WORK REQUIRED: Which of the lines below include the word "Mitterteicher"? Pull each one out.

----- WORKING DATA -----

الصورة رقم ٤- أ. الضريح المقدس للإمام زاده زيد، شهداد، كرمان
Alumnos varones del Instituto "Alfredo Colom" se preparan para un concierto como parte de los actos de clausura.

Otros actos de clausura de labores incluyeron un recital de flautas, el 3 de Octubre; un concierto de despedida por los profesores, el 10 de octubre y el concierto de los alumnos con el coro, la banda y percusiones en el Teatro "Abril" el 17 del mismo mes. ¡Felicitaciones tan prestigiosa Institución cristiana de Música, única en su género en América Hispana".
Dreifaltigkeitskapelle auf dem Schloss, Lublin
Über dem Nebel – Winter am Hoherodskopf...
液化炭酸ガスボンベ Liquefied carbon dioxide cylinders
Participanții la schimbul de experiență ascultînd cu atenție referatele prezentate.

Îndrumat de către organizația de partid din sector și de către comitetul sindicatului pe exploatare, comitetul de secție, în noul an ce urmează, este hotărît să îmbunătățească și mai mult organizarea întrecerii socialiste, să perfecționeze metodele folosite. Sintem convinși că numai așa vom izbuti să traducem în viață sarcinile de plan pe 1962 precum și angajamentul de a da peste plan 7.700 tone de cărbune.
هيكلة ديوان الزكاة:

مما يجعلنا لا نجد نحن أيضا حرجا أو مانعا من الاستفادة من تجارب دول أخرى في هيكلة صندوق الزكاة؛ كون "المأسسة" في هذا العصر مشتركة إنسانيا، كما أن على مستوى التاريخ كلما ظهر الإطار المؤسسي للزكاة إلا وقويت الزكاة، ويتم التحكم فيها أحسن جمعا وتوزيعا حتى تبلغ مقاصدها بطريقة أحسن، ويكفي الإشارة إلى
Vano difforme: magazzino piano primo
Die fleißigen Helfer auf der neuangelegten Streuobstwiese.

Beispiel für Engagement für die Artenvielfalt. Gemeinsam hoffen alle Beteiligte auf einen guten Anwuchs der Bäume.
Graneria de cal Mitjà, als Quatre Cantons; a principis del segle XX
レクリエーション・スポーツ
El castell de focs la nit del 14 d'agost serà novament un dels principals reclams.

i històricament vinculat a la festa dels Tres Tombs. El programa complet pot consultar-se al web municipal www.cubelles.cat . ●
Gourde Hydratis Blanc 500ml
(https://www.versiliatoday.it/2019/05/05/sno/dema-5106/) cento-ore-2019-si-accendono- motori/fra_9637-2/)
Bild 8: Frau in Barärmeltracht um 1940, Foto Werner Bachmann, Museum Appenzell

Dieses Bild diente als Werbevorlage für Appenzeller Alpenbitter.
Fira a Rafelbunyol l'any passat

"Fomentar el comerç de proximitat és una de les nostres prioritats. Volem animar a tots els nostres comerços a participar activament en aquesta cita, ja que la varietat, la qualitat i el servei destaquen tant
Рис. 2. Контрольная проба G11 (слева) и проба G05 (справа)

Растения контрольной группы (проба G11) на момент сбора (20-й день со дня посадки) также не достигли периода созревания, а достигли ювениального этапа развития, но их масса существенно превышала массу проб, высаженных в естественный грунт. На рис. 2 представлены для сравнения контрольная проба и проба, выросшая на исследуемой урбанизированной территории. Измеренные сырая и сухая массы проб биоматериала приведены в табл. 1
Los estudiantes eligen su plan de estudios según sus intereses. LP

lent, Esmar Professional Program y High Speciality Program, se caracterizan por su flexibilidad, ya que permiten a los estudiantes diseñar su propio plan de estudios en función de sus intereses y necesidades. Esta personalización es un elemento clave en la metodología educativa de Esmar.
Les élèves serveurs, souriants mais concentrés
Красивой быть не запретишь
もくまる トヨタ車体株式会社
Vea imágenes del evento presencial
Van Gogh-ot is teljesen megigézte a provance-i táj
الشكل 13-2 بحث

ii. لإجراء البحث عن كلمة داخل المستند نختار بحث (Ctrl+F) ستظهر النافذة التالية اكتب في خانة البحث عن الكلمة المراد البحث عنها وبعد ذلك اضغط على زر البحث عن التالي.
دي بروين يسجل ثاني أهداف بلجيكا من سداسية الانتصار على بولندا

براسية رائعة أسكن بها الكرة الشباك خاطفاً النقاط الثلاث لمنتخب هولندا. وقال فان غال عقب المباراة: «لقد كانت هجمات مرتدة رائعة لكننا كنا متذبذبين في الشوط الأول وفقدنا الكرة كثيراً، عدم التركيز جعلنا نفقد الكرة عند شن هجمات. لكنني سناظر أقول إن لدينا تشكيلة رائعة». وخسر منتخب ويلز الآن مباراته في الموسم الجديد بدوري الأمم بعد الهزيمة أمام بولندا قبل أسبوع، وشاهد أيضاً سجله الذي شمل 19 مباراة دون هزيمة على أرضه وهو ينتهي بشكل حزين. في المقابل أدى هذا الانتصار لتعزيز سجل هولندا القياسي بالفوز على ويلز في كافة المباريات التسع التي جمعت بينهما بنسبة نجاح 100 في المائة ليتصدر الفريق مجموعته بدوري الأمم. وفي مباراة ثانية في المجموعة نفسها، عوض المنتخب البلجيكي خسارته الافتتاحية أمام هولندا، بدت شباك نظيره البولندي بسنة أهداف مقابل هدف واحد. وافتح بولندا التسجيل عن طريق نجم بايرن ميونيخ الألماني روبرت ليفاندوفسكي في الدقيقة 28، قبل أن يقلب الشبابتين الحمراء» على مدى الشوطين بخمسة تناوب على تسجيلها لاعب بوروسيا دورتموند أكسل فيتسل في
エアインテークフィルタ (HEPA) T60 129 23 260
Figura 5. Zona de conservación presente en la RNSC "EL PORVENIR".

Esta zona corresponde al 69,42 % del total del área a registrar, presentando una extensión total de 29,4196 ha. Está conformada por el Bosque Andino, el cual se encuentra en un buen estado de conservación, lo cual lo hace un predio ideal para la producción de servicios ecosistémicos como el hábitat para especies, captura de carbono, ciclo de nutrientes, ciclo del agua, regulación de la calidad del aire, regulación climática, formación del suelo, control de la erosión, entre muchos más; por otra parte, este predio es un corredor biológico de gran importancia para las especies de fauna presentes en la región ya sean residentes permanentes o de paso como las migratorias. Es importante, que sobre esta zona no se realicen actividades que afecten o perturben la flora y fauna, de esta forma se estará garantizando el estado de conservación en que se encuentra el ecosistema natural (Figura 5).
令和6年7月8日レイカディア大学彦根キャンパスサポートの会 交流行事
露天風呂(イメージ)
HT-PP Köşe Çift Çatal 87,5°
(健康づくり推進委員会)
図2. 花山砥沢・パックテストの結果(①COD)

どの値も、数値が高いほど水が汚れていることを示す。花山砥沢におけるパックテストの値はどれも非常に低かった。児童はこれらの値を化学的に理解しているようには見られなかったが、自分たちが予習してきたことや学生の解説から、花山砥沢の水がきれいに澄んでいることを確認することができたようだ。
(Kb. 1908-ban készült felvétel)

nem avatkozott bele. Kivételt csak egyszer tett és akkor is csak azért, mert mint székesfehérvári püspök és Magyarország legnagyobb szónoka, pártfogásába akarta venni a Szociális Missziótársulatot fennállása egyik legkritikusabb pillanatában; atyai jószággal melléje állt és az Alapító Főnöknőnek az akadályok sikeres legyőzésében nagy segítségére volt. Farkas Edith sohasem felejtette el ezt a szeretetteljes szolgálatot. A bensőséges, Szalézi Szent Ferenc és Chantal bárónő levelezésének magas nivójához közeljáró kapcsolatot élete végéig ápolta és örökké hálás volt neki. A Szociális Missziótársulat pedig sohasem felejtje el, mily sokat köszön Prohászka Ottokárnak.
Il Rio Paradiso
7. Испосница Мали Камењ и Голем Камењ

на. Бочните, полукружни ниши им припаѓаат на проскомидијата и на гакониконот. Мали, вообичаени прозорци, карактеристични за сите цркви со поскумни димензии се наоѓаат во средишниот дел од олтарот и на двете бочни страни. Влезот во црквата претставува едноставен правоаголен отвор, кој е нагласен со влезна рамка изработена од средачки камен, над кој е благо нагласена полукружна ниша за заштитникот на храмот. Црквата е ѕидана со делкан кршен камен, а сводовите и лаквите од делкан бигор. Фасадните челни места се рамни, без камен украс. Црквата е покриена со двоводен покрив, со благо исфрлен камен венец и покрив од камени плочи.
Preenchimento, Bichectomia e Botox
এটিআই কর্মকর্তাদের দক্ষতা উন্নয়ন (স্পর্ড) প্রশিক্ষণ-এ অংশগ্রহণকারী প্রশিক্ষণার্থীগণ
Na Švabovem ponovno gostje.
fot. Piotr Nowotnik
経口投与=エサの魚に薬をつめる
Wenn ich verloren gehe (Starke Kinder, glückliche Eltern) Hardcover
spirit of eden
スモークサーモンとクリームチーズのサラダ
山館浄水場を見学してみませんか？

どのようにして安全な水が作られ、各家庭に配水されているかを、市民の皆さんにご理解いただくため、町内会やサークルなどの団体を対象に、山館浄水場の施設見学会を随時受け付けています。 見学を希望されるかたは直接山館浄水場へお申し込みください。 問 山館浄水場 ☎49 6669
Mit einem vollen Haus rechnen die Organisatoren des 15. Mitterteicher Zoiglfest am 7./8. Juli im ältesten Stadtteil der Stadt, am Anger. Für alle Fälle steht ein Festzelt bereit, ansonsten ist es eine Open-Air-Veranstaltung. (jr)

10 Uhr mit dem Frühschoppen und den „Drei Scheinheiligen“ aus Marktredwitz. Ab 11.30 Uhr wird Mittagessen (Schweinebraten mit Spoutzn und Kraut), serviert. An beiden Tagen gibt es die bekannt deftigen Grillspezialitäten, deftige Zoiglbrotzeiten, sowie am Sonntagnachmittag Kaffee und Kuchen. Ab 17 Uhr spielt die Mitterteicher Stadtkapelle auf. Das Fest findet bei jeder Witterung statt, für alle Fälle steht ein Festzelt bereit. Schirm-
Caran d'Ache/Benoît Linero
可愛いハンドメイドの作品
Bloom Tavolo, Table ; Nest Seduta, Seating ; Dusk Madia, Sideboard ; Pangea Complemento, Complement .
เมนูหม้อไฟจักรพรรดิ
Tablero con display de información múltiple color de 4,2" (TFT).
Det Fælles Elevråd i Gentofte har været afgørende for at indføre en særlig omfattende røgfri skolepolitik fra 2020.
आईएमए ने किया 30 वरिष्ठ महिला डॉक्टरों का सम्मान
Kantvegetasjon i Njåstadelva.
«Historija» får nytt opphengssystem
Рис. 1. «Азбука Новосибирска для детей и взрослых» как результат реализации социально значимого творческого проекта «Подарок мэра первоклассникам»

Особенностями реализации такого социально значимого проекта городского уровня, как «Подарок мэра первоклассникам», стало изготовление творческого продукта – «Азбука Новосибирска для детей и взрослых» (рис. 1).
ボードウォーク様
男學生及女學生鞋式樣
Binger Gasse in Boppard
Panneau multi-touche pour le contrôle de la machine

-----

TASK ANSWER:
Mit einem vollen Haus rechnen die Organisatoren des 15. Mitterteicher Zoiglfest am 7./8. Juli im ältesten Stadtteil der Stadt, am Anger. Für alle Fälle steht ein Festzelt bereit, ansonsten ist es eine Open-Air-Veranstaltung. (jr)
10 Uhr mit dem Frühschoppen und den „Drei Scheinheiligen“ aus Marktredwitz. Ab 11.30 Uhr wird Mittagessen (Schweinebraten mit Spoutzn und Kraut), serviert. An beiden Tagen gibt es die bekannt deftigen Grillspezialitäten, deftige Zoiglbrotzeiten, sowie am Sonntagnachmittag Kaffee und Kuchen. Ab 17 Uhr spielt die Mitterteicher Stadtkapelle auf. Das Fest findet bei jeder Witterung statt, für alle Fälle steht ein Festzelt bereit. Schirm-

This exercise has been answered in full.